## Data supplied
===============
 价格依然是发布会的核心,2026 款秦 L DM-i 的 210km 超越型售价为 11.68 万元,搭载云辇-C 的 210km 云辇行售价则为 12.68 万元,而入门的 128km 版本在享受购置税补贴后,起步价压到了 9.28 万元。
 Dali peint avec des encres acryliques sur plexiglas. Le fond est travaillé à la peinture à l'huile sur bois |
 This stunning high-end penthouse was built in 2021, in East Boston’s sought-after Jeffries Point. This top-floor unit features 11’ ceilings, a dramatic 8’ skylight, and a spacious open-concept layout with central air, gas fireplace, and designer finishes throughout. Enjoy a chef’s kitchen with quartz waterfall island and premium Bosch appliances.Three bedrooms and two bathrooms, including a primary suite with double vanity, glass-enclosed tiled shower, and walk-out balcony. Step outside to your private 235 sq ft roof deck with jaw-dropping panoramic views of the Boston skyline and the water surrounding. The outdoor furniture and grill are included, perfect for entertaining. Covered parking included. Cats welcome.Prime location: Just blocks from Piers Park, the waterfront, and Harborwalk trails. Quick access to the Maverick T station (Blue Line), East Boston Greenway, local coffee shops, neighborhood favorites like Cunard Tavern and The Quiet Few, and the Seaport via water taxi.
===============
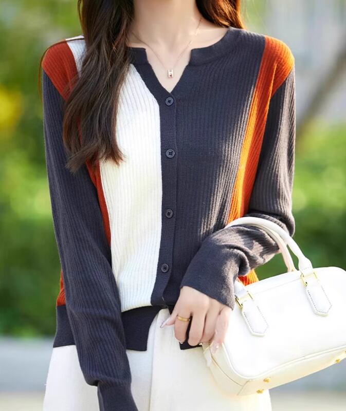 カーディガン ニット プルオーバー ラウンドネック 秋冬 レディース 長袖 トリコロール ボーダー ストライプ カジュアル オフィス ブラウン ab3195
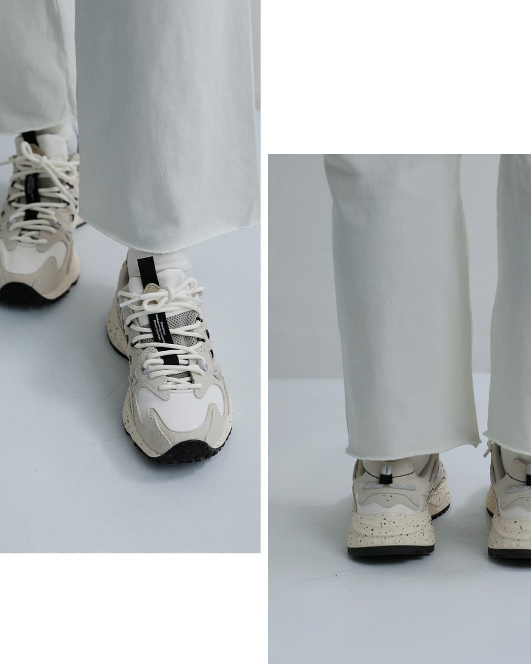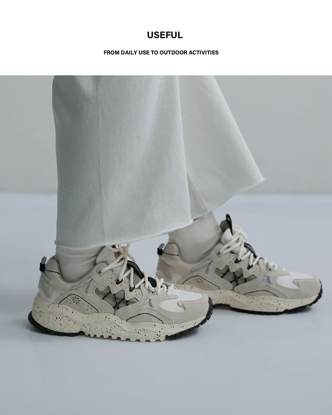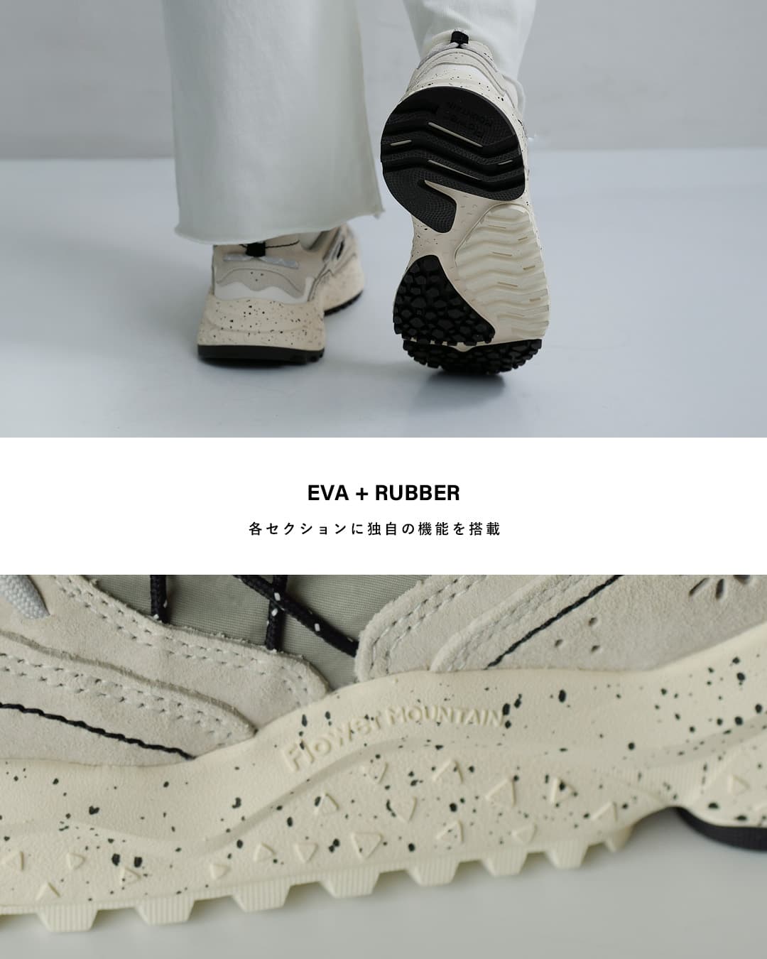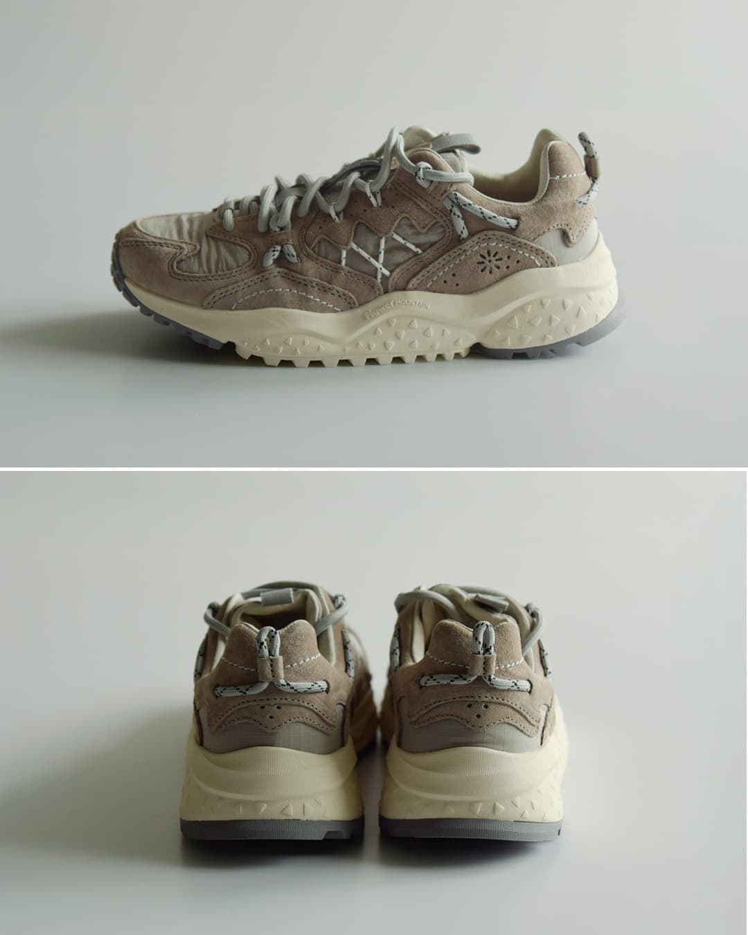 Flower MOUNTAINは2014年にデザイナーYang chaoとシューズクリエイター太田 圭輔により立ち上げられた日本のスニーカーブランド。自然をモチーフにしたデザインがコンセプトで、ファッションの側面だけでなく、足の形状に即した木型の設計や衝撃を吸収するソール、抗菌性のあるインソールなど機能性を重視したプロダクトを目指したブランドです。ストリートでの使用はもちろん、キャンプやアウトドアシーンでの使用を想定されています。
===============
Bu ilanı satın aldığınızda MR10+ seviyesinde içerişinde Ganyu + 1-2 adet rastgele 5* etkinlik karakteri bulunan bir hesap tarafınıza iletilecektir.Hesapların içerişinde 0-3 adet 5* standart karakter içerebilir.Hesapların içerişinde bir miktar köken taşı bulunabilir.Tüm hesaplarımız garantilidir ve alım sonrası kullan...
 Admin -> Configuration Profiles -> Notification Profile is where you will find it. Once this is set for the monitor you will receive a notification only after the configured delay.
===============
## Task requirements
Would you copy out exactly the lines above that start at the one containing "价格依然是发布会的核心,2026 款秦 L" and end at the one containing "Dali peint avec", inclusive?

## Answer to this task
 价格依然是发布会的核心,2026 款秦 L DM-i 的 210km 超越型售价为 11.68 万元,搭载云辇-C 的 210km 云辇行售价则为 12.68 万元,而入门的 128km 版本在享受购置税补贴后,起步价压到了 9.28 万元。
 Dali peint avec des encres acryliques sur plexiglas. Le fond est travaillé à la peinture à l'huile sur bois |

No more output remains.